Our report found that these multifarious standards have led to challenges such as inconsistent carbon accounting methodologies, a lack of unified third-party verification protocols, and difficulties in benchmarking performance across parks. This undermines the credibility of carbon reductions, raises compliance costs for businesses, and impedes the development of scalable financial instruments based on park-level carbon assets.
Building an energy supply system centred on green power is crucial for zero-carbon industrial parks, but practically challenging. The direct green power supply model – which sees a renewable power generator bypass the grid to supply an industrial consumer directly – often encounters issues such as complex approval procedures, high upfront investment costs, and imperfect market trading rules during implementation. Meanwhile, the technological challenges of integrating renewables into the grid at scale have yet to be resolved. Long-duration energy storage technology remains immature, for example.
High-quality carbon accounting data is the basis for measuring emission reduction effects, overcoming international trade barriers, and attracting green finance. However, current systems for carbon accounting have frailties.
First, measurement and monitoring suffer from weak underlying data-collection capabilities. Second, the accounting process is complex, professional talent is scarce, and unified, authoritative third-party verification and certification standards are missing.
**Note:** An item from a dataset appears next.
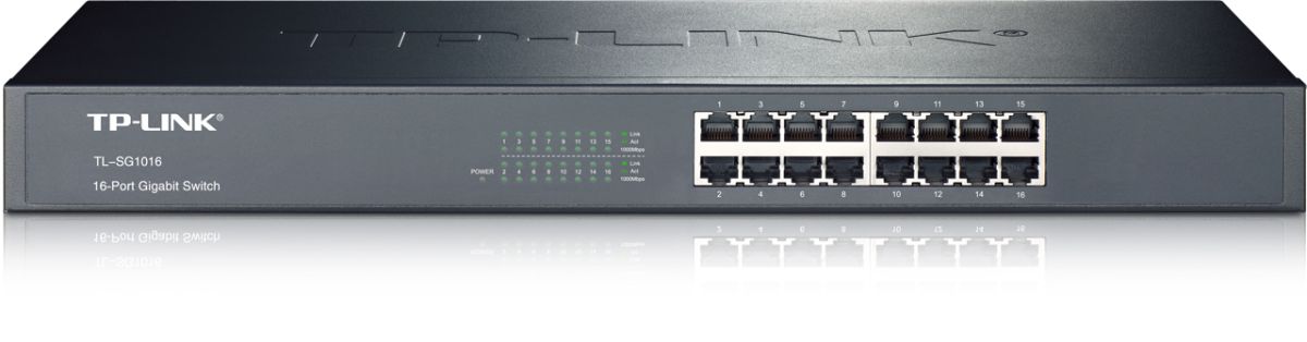 TP-Link TL-SG1016 je neriadený 16-portový gigabitový switch v odolnom ocelovom šasi pre montáž do 19" racku.

Third, the technological and economic bottlenecks of deep decarbonisation are becoming increasingly prominent, especially in high-emission traditional industries such as cement, steel and chemicals. These sectors are hampered by insufficient supply of key inputs such as green hydrogen, low technological maturity, poor economic viability, and incomplete supporting policy systems and market mechanisms.
What’s next?
According to national plans, there will be 100 national zero-carbon industrial parks developed during the 15th Five-Year Plan period (2026-2030). The first batch of 52 pilots will be expected to demonstrate pathways for the subsequent scaling up of the pilot program.
Our analysis points to three areas of work that deserve special attention. First, the existing, industry-led group standards should be gradually upgraded to sectoral and national standards. A tiered and categorised carbon emission accounting and certification system would enhance the standardisation, comparability and implementation for parks in the system.
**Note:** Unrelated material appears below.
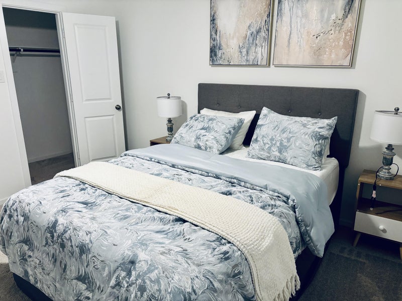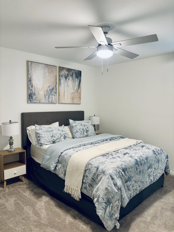 This private bedroom is located on the second floor of a well-maintained home and offers a comfortable, thoughtfully furnished space designed for renters. The room includes a queen-size bed, a ceiling fan, a full-length mirror, nightstands with lamps, and a closet for storage. Being upstairs, the room provides added privacy and separation from the main living areas.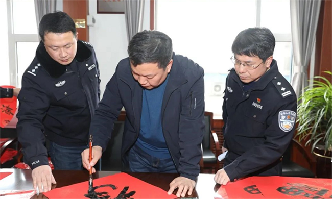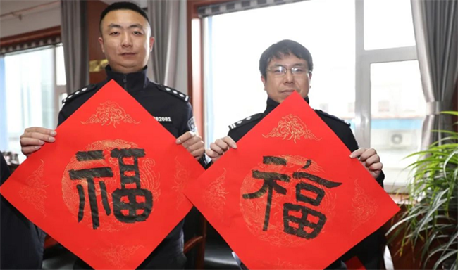 开展“迎春送福、墨香警营”送春联活动

System integration is another priority. Overall operational efficiency and emission reductions could best be realised by strengthening the parks’ links between energy, industrial production, transportation, buildings and resource recycling. This will require breaking down administrative and departmental barriers.
Third, to strengthen the foundations for carbon trading, the parks should accelerate the development of diversified trading mechanisms covering carbon emission rights, green power certificates, and voluntary emission reductions. This will facilitate the introduction of carbon financial products and services, allowing market-based incentive mechanisms to drive decarbonisation.
Further down the line, it will be interesting to see whether China’s ministries coordinate to export lessons learned in its pilot program to its overseas industrial parks.
Ultimately, industrial parks will have to develop against policy mandates, assess the low-carbon demands of their consumer markets, and make the most of their local advantages.